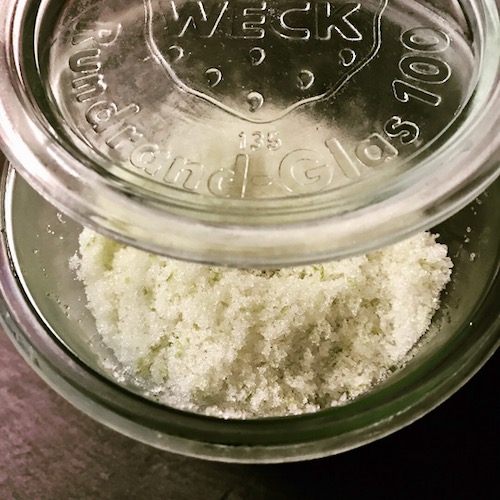 Things I might have in the fridge or larder… above, an experimental kaffir or makrut lime sugar that turned out BRILLIANTLY. Take some beautiful makrut limes (in this case, a neighbor’s gift) and zest them into some white sugar. I stored this in the fridge thinking it might keep it fresher. It is SO FRAGRANT and just that beautiful hint of flavor in whatever you put it in… sugar cookies, pie crusts, etc.
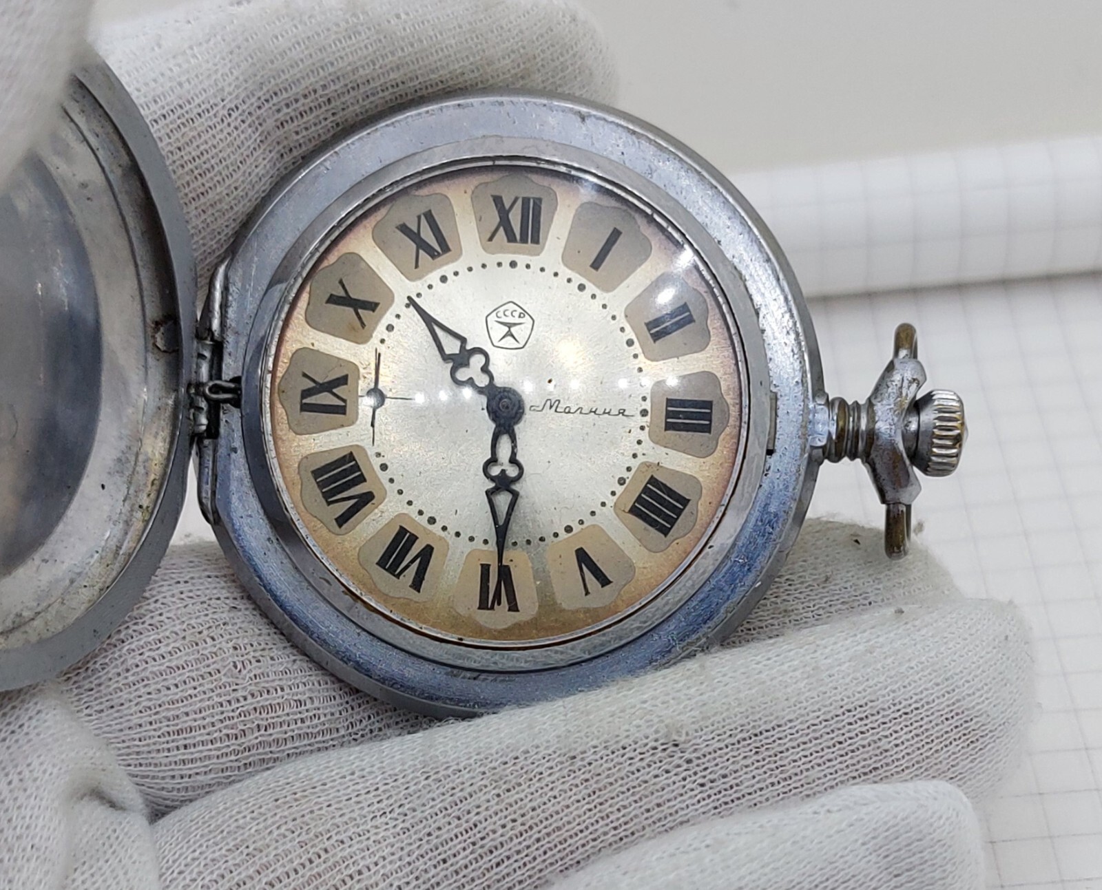 как выглядит Mechanical vintage pocket watch MOLNIYA.Collectible.Made in the USSR. фото
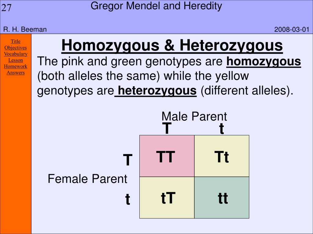 Homozygous & Heterozygous The pink and green genotypes are homozygous(both alleles the same) while the yellow genotypes areheterozygous (different alleles). Male Parent T t TT Tt T Female Parent tT tt t
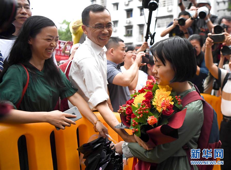 7月8日,一名考生(右)在湖南省長沙市一中考點(diǎn)外從家長手中接過鮮花。當(dāng)日,全國部分地區(qū)2020年高考結(jié)束。新華社記者薛宇舸攝
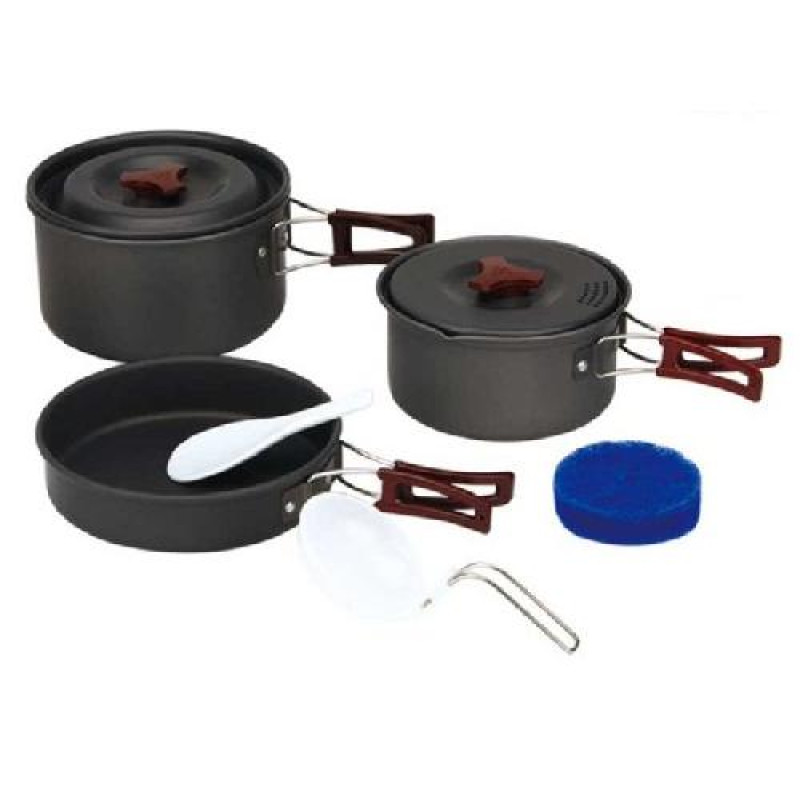 Туристичний набір посуду на 2-3 персони. Складається з двох казанків з кришками, миски-сковорідки, трьох пластикових чашок і двох ложок. Складається за принципом матрьошки.
---------------
Task prompt:
Write out again only the lines from the line that contains "Homozygous & Heterozygous" through the last line of the records, both ends included, without any of the pictures.

Answer for the task:
 Homozygous & Heterozygous The pink and green genotypes are homozygous(both alleles the same) while the yellow genotypes areheterozygous (different alleles). Male Parent T t TT Tt T Female Parent tT tt t
 7月8日,一名考生(右)在湖南省長沙市一中考點(diǎn)外從家長手中接過鮮花。當(dāng)日,全國部分地區(qū)2020年高考結(jié)束。新華社記者薛宇舸攝
 Туристичний набір посуду на 2-3 персони. Складається з двох казанків з кришками, миски-сковорідки, трьох пластикових чашок і двох ложок. Складається за принципом матрьошки.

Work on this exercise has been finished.